▶ **Exercise description**
For each entry, repeat the text exactly and omit any picture it holds.

▶ **Data listing**

[Start of Attachment]

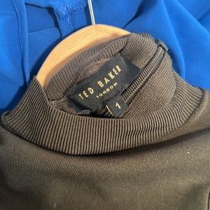 Sleeveless khaki green dress with printed skirt from Ted Baker. Size 1.
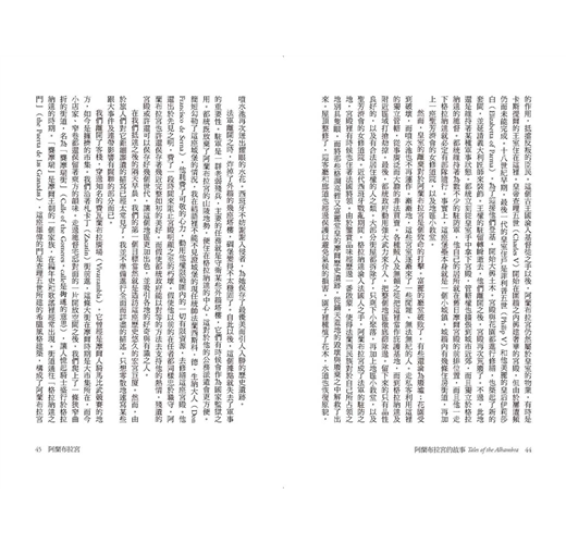 本書有某些傳說故事及隨筆文章,草成的散稿是我住在阿蘭布拉宮期間動筆寫成的,有些則是以當時的筆記、觀察為基礎,隨後增補進來的。文中小心翼翼維持著當地的色彩及寫實性,於是,整個作品或許能夠信實生動地描繪我幸而巧遇、但外在世界非常陌生不解的那個小天地,也就是那個奇特非凡的小小世界。我孜孜矻矻想要想描繪它半西班牙式、半東方式的特性,那種英雄、詩人與怪誕的交融混合。我想喚醒它牆上正在快速消逝的,那些高雅與華美的遺跡。我想記錄那些曾經進出這宮廷的,有關皇室與騎士的傳說,以及如今穴居宮殿...
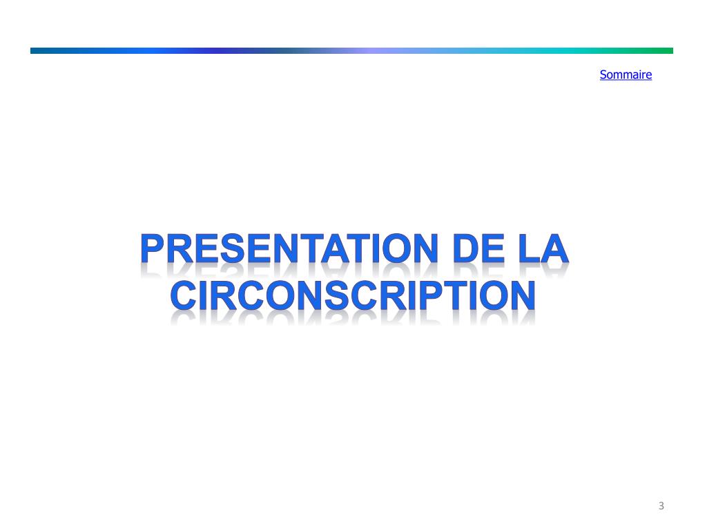Sommaire PRESENTATION DE LA CIRCONSCRIPTION
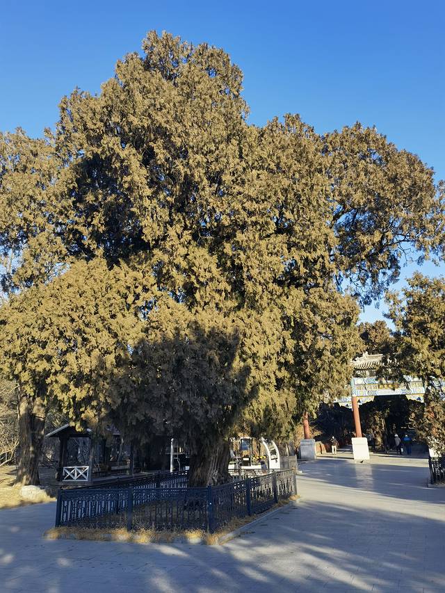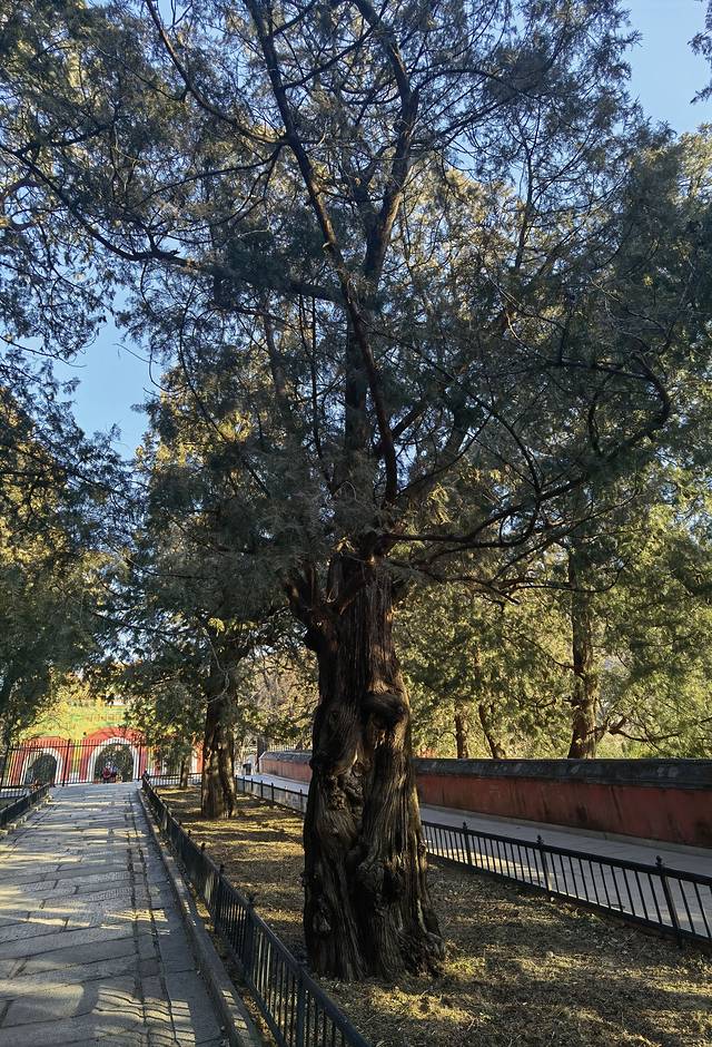 清代所植侧柏虽不如太庙天坛的千岁古柏,也二人难以合抱,树干上似有蟠龙伏虎
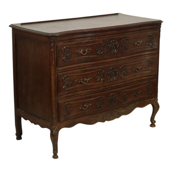 Cassettiera antica bombata in rovere massello con maniglie in bronzo, circa 1880, Francia.
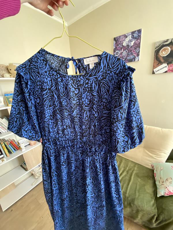 продам платье с открытой спиной очень красивого синего цвета с цветочным принтом
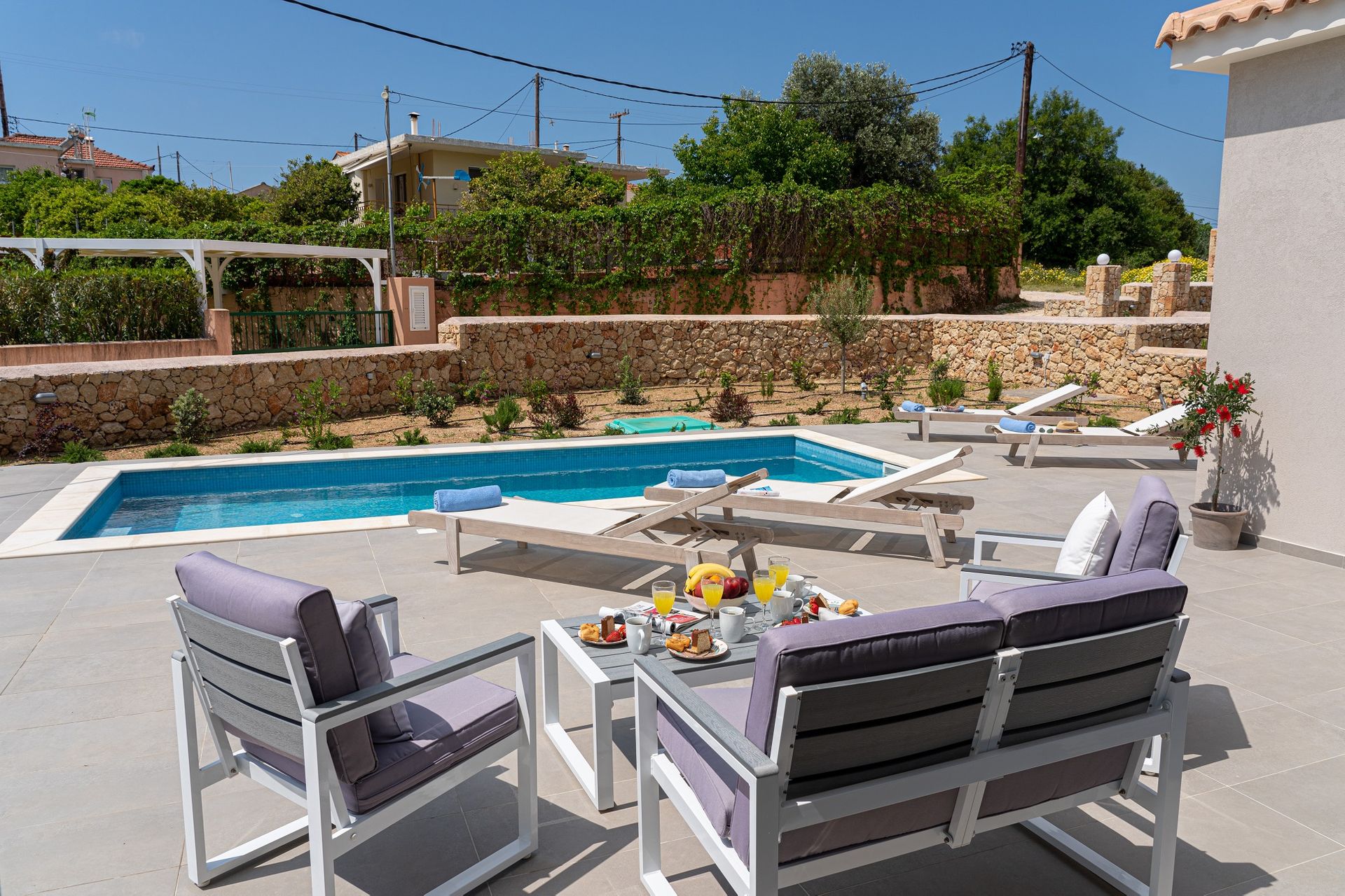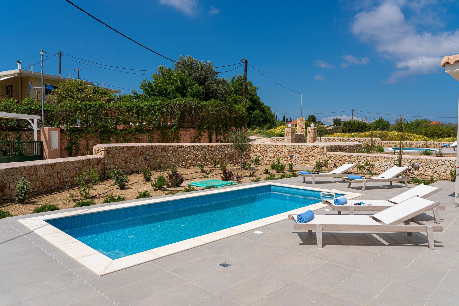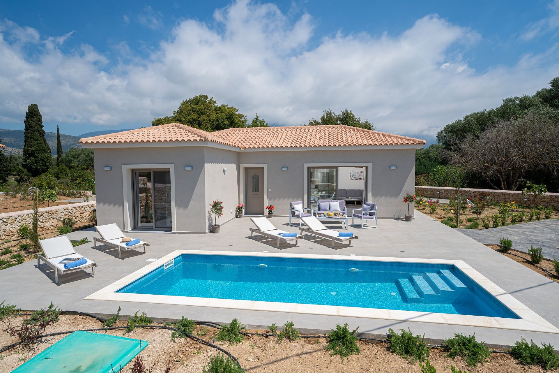 This very peaceful and idyllic holiday retreat is built to the very highest of standards & finishes throughout, in a modernistic fashion, whilst still managing to keep aspects of traditional styling, allowing the perfect blend of new & traditional Kefalonian architecture.

[End of Attachment]

▶ **Task answer**
 Sleeveless khaki green dress with printed skirt from Ted Baker. Size 1.
 本書有某些傳說故事及隨筆文章,草成的散稿是我住在阿蘭布拉宮期間動筆寫成的,有些則是以當時的筆記、觀察為基礎,隨後增補進來的。文中小心翼翼維持著當地的色彩及寫實性,於是,整個作品或許能夠信實生動地描繪我幸而巧遇、但外在世界非常陌生不解的那個小天地,也就是那個奇特非凡的小小世界。我孜孜矻矻想要想描繪它半西班牙式、半東方式的特性,那種英雄、詩人與怪誕的交融混合。我想喚醒它牆上正在快速消逝的,那些高雅與華美的遺跡。我想記錄那些曾經進出這宮廷的,有關皇室與騎士的傳說,以及如今穴居宮殿...
Sommaire PRESENTATION DE LA CIRCONSCRIPTION
 清代所植侧柏虽不如太庙天坛的千岁古柏,也二人难以合抱,树干上似有蟠龙伏虎
 Cassettiera antica bombata in rovere massello con maniglie in bronzo, circa 1880, Francia.
 продам платье с открытой спиной очень красивого синего цвета с цветочным принтом
 This very peaceful and idyllic holiday retreat is built to the very highest of standards & finishes throughout, in a modernistic fashion, whilst still managing to keep aspects of traditional styling, allowing the perfect blend of new & traditional Kefalonian architecture.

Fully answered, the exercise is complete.